China bank | After protests, customers of China Bank will receive their deposits back.

China bank | After protests, customers of China Bank will receive their deposits back.

After several bank clients in the Henan and Anhui provinces of central China protested the freezing of their accounts, financial officials in those provinces committed to returning some of their deposits.

Taiwan’s TAIPEI (AP) — After a Sunday protest over their frozen accounts descended into violence, financial watchdogs in the central Chinese provinces of Henan and Anhui offered to return certain bank customers’ savings in part.

Officials announced late Monday that clients with deposits of 50,000 yuan or less (about $7,400) would receive a refund. Others with greater bank accounts, they claimed, will receive their money returned at a later, undisclosed time.

Because irate depositors who attempted to travel to Zhengzhou in Henan to seek their money back from the six financially challenged rural banks were prevented from doing so by a health app on their iPhones, the bank demonstrations attracted significant media attention. They had their greatest protest yet on Sunday, which police and plainclothes security violently dispersed.

The thousands of people who opened accounts at the banks in Henan and the nearby province of Anhui, which offered comparatively high-interest rates, include the demonstrators.
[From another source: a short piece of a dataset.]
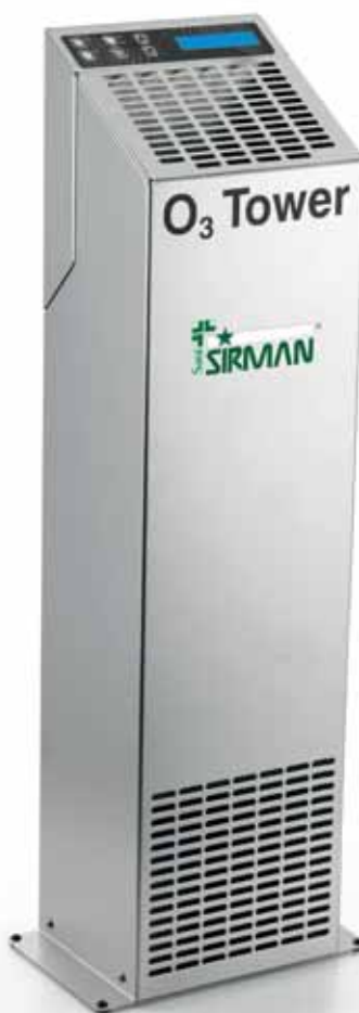
O 3 TOWER TOP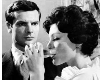
1961 LA FILLE AUX YEUX D'OR de Jean-Gabriel Albicocco avec Paul Guers

After media rumors that the CEO of the bank’s parent business was wanted for financial offenses, customers later discovered that they couldn’t make withdrawals.

Customers who have been organizing rallies online and offline since April to get their money back reacted skeptically to the regulators’ announcement.

A bank customer who abstained from Sunday’s demonstration, Xu Zhihao, claimed that “this does not genuinely fix the problem.”

Although the central bank of China, the People’s Bank of China, insures customer deposits up to 500,000 yuan ($74,000), some people’s losses may exceed that amount.

One demonstrator, who only supplied her last name, Ding, claimed that she and her mother had 800,000 yuan ($119,000) in savings deposits spread across several banks.

“They announced this as a result of our risking our lives. We are not owed the less than 50,000 yuan that has been given. It’s more of payment to maintain social order, said Ding, who chose not to use her full name for fear of retaliation. She claimed that while several people were hurt on Sunday during a rally, she and her husband were struck by security personnel in plainclothes.

Although most of the injuries were cuts or scrapes, some demonstrators told the AP that some people were sent to the hospital after being harmed when police and plainclothes security officials used force to disperse the protesters.

Due to offers of higher interest rates, such as five-year fixed deposit accounts offering an interest rate of slightly over 4%, the bank customers opened their accounts online through financial platforms like JD Digits, which is controlled by e-commerce giant JD.com.

They attempted to get in touch with the banks, the neighborhood Banking and Insurance Regulatory Commission, and the central bank after realizing they couldn’t withdraw their money.

When that failed, they made plans to demonstrate at the Zhengzhou regional office of the China Banking and Insurance Regulatory Commission. The demonstration on Sunday attracted the most participants so far, numbering hundreds.